Terre Thaemlitz: Yeah, just going somewhere and getting a drink, standing in the corner even when I dressed in male clothing. I don’t drink alcohol. I don’t do drugs and that sort of stuff. So I didn’t have this social entry into the scene that other people did and I didn’t have the relaxants or whatever. So, I was always taking everything in a very sober and anti-transcendental way, from the Marxist perspective.

WERE YOU LOOKING FOR LOVERS OR WERE YOU JUST THERE TO HANG OUT?

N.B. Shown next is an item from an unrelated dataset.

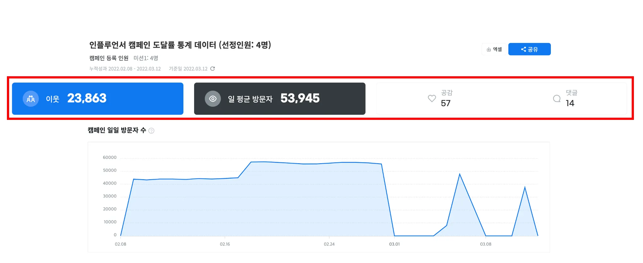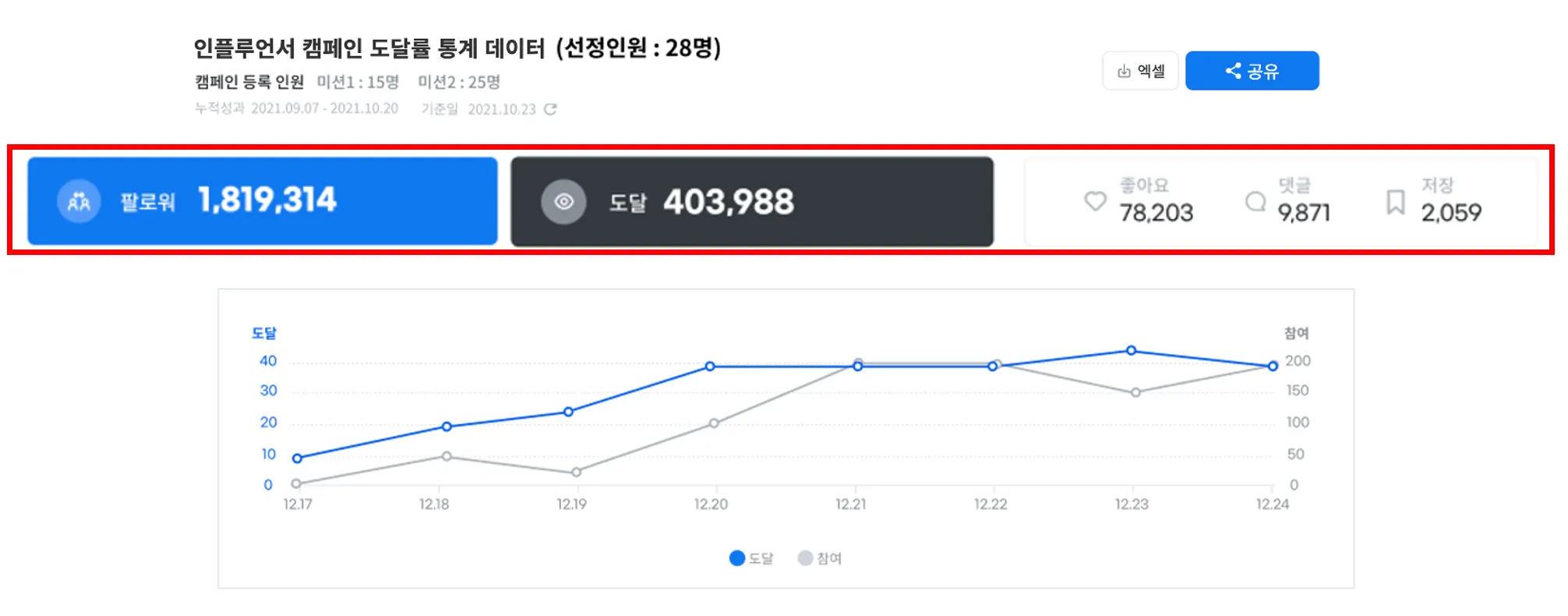 해당 캠페인에 참여한 인플루언서들의 전체 누적 성과를 한 눈에 볼 수 있어요.

Terre Thaemlitz: Kinda both, but not really. I never had pick-up skills or luck with dating or anything like that. I wasn’t into the whole cruise scene. I also have problems with male aggression in the Gay cruise scene. So it was kinda complicated in that sense. And then, of course, the way people fetishize you if you’re dressed in Drag — they suddenly think it’s all about some sort of kinky pleasure. For me, clothes — whether I’m dressed as a man or woman — are totally oppressive. They’re totally not fun at all. It’s not like I got dressed up and felt sexy and felt good. Not at all. The same way that when I dressed as a man — I feel that both of these gender patterns around clothing are equally oppressive and ascribe to the same systems of patriarchy. I don’t find liberation anywhere within that system.

I SEE.

Terre Thaemlitz: So of course, when people see you in a dress, they change the way they talk to you. “Oh, girl, you look fabulous,” and all this sort of stuff. It really becomes about their performance around the person in Drag, rather than their trying to connect in any serious way to someone who happens to be Transgender. I think that’s one thing that pushes people to try and look for resolution through physical therapy. You know, hormones and surgery and stuff. In a way, it’s like trying to take things to the next level so that you’re no longer treated as a fetishist freak or whatever. I can sympathize with that.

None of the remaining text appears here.